- Location in Antigua
- Country: Antigua and Barbuda
- Parish: Saint John

Area
- • Total: 1.69 km^{2} (0.65 sq mi)

Population (2011)
- • Total: 271

= Marble Hill, Antigua and Barbuda =

Marble Hill is a village in Saint John, Antigua and Barbuda. It had a population of 271 people in 2011.

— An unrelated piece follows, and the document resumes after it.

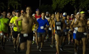 Runners take off at the start of the 11th Annual Hickam Half Marathon, Joint Base Pearl Harbor-Hickam, Hawaii, Aug. 19, 2017. The yearly event is hosted by the Morale, Welfare and Recreation office to promote fitness and health. (U.S. Air Force photo by Tech. Sgt. Heather Redman)

== International relations ==
Marble Hill has been a focus of investment from the People's Republic of China, the Chinese elected to base their embassy in Antigua and Barbuda at Marble Hill and constructed it themselves. It was formally opened in 2022. The government of Antigua and Barbuda also agreed in 2016 to investment from Morocco for a new residential development at Marble Hill.

== History ==
According to the Antigua and Barbuda Statistics Division, the village had a total area of 1.69 square kilometres in 2011. Marble Hill has a 17th-century plantation house that was transformed into a hotel in 2022. The plantation of Marble Hill was known to have been around in 1787 owned by James Nibbs. Nibbs would hold various tenants and owned a number of slaves at Marble Hill. The nearby Dickinson's Bay plantation was also subsumed into Marble Hill in 1787. It was later inherited by Reverend George Nibbs who released all of the slaves at Marble Hill between 1806 and 1834.

== Demographics ==

There were 271 people living in Marble Hill as of the 2011 census. The village was 57.55% African, 11.84% East Indian, 8.57% other mixed, 7.76% white, 5.31% Syrian/Lebanese, 4.08% other, 2.86% Hispanic, and 2.04% mixed black/white. The population was born in many different countries, including 49.80% in Antigua and Barbuda, 8.57% in the United States, 6.53% in "other Asian countries", 5.71% in the United Kingdom, and 4.08% in Canada. The population had diverse religious affiliations, including 19.01% Catholic and 17.36% Anglican.